Data supplied below:
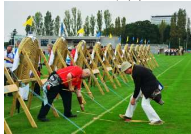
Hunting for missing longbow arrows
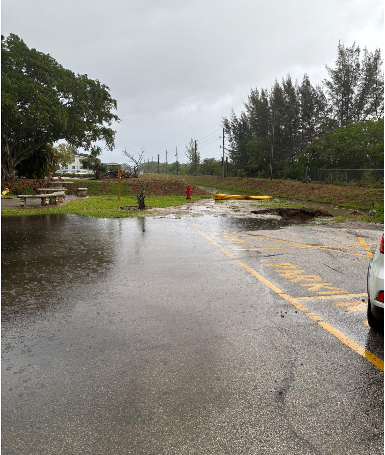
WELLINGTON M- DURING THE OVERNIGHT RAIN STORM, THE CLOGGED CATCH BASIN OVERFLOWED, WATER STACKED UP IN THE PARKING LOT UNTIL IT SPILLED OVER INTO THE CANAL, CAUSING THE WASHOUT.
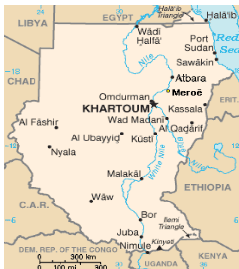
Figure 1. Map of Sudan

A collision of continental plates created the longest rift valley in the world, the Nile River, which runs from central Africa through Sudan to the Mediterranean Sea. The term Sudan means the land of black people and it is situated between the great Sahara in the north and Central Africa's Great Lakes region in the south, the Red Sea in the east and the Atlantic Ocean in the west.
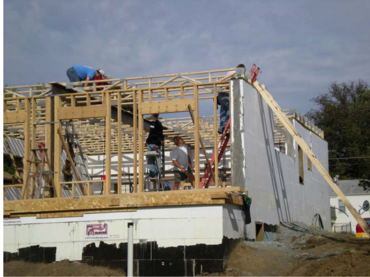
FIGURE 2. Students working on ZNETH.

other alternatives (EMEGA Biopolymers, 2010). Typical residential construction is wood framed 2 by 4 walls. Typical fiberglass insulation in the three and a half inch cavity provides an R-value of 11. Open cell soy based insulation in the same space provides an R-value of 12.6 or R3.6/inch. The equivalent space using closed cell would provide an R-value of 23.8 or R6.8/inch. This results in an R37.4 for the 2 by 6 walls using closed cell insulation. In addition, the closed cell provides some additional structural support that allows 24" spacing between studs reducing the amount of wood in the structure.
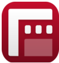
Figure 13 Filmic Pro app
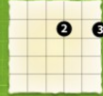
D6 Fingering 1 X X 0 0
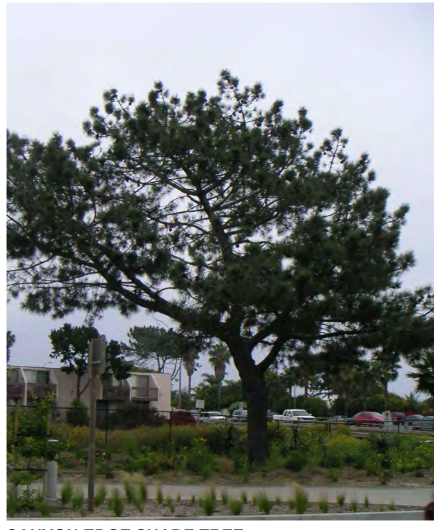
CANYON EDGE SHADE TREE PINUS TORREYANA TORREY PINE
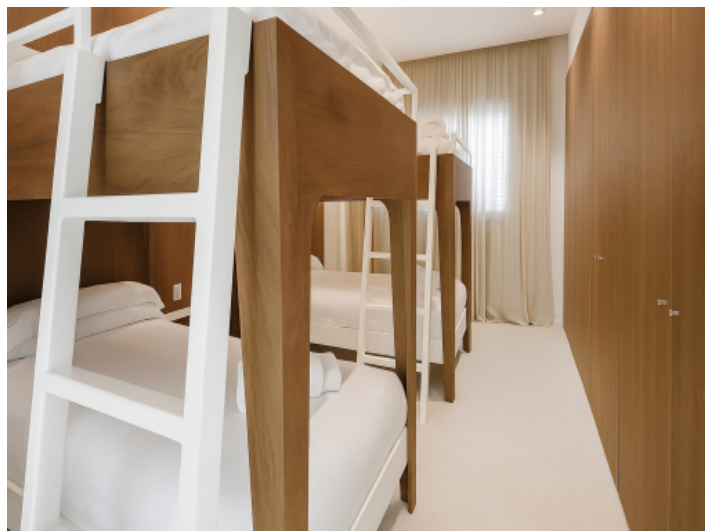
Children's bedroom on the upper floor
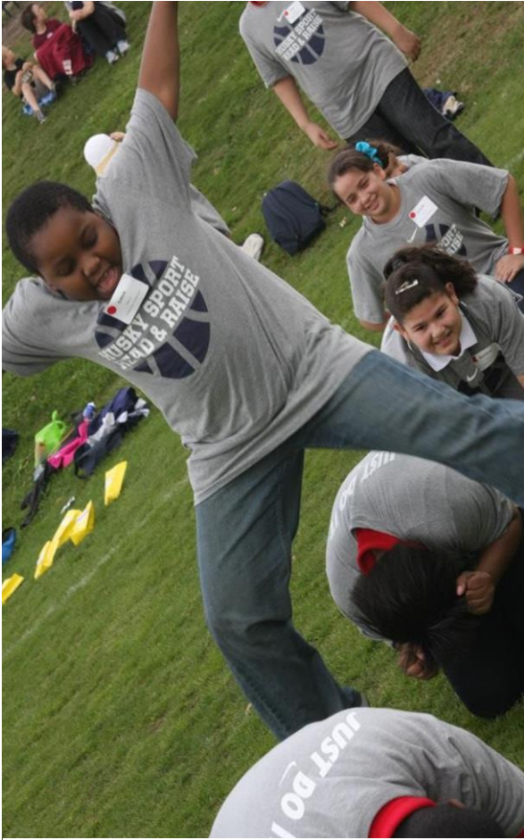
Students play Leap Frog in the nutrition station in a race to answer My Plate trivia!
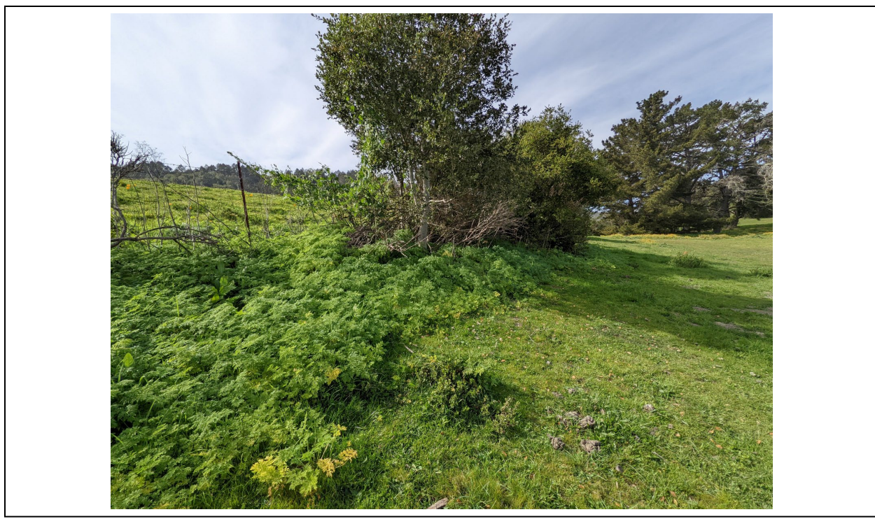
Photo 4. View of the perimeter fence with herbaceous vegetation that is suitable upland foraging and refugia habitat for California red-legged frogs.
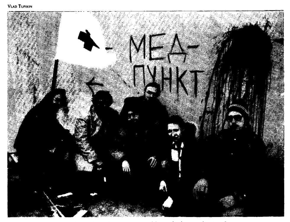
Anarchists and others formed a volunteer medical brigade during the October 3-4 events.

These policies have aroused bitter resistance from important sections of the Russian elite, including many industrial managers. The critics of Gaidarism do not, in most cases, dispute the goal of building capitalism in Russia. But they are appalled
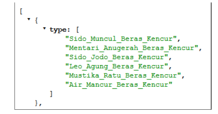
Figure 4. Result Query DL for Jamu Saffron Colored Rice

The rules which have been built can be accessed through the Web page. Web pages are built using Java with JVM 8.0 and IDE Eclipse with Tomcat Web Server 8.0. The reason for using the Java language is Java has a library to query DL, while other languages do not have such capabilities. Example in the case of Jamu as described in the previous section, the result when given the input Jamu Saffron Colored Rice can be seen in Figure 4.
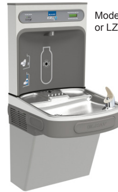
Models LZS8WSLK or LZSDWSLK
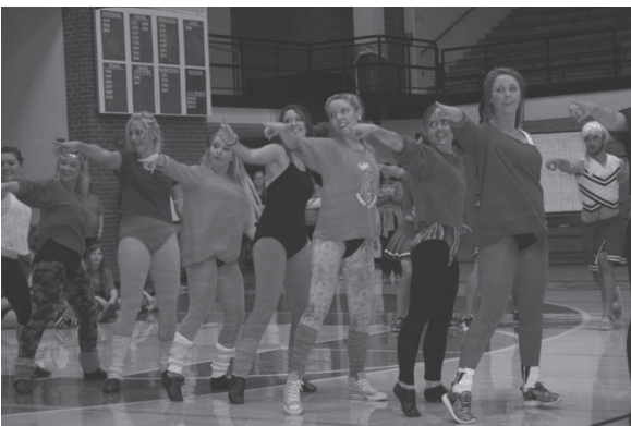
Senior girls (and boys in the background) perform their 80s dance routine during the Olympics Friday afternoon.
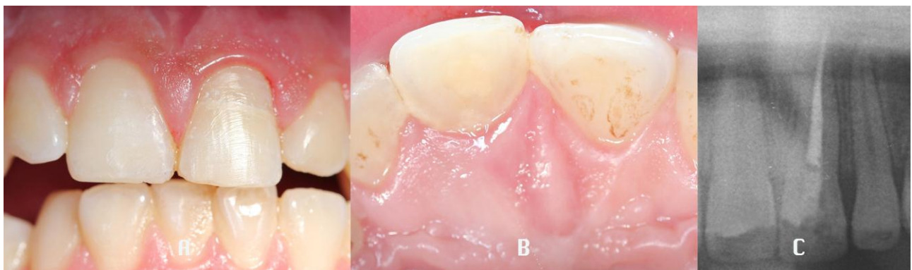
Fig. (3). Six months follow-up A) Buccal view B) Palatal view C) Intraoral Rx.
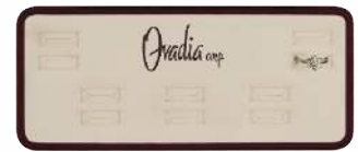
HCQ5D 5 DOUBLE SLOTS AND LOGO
End of Data supplied.
Data supplied below:
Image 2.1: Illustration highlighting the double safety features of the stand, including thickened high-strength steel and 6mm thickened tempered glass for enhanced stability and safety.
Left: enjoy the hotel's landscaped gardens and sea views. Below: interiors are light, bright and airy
End of Data supplied.
Task to complete: Go to the line above that has "Anarchists and others" and copy exactly from there down to the line that has "Figure 4. Result", both included. Leave the pictures out.

Task result:
Anarchists and others formed a volunteer medical brigade during the October 3-4 events.

These policies have aroused bitter resistance from important sections of the Russian elite, including many industrial managers. The critics of Gaidarism do not, in most cases, dispute the goal of building capitalism in Russia. But they are appalled
Figure 4. Result Query DL for Jamu Saffron Colored Rice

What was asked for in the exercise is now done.